┌──
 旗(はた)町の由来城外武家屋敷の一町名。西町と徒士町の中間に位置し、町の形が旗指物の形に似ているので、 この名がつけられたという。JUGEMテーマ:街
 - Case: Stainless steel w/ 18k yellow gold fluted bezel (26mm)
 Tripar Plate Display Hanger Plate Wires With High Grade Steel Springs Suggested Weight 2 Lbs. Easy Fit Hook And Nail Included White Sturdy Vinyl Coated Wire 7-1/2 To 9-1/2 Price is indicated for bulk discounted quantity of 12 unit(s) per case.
└──
┌──
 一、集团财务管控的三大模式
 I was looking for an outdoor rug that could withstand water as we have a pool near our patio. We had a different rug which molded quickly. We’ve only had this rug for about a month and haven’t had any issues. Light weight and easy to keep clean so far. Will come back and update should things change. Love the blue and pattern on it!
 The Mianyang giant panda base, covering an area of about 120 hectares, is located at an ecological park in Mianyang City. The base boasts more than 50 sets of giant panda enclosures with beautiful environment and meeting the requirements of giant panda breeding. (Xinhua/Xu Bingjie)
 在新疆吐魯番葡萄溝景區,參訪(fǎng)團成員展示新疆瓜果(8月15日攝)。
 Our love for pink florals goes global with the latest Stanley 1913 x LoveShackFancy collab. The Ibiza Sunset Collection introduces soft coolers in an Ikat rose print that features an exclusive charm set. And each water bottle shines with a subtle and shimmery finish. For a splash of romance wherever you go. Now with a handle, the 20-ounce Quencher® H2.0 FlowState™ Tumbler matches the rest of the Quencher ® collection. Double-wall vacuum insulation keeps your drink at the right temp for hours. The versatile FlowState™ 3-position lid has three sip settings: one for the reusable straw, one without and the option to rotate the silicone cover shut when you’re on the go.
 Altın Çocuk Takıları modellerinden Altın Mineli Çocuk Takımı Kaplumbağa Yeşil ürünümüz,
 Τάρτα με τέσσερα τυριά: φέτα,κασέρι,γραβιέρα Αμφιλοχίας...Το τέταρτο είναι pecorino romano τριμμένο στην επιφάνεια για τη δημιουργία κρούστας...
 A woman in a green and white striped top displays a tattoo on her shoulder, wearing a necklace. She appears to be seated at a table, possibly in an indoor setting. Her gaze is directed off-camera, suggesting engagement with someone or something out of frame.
└──
*Work item:* Using the entries above, return exactly the lines from the line with "旗(はた)町の由来城外武家屋" to the line with "Tripar Plate Display", counting both of those lines.

*Completed task:*
 旗(はた)町の由来城外武家屋敷の一町名。西町と徒士町の中間に位置し、町の形が旗指物の形に似ているので、 この名がつけられたという。JUGEMテーマ:街
 - Case: Stainless steel w/ 18k yellow gold fluted bezel (26mm)
 Tripar Plate Display Hanger Plate Wires With High Grade Steel Springs Suggested Weight 2 Lbs. Easy Fit Hook And Nail Included White Sturdy Vinyl Coated Wire 7-1/2 To 9-1/2 Price is indicated for bulk discounted quantity of 12 unit(s) per case.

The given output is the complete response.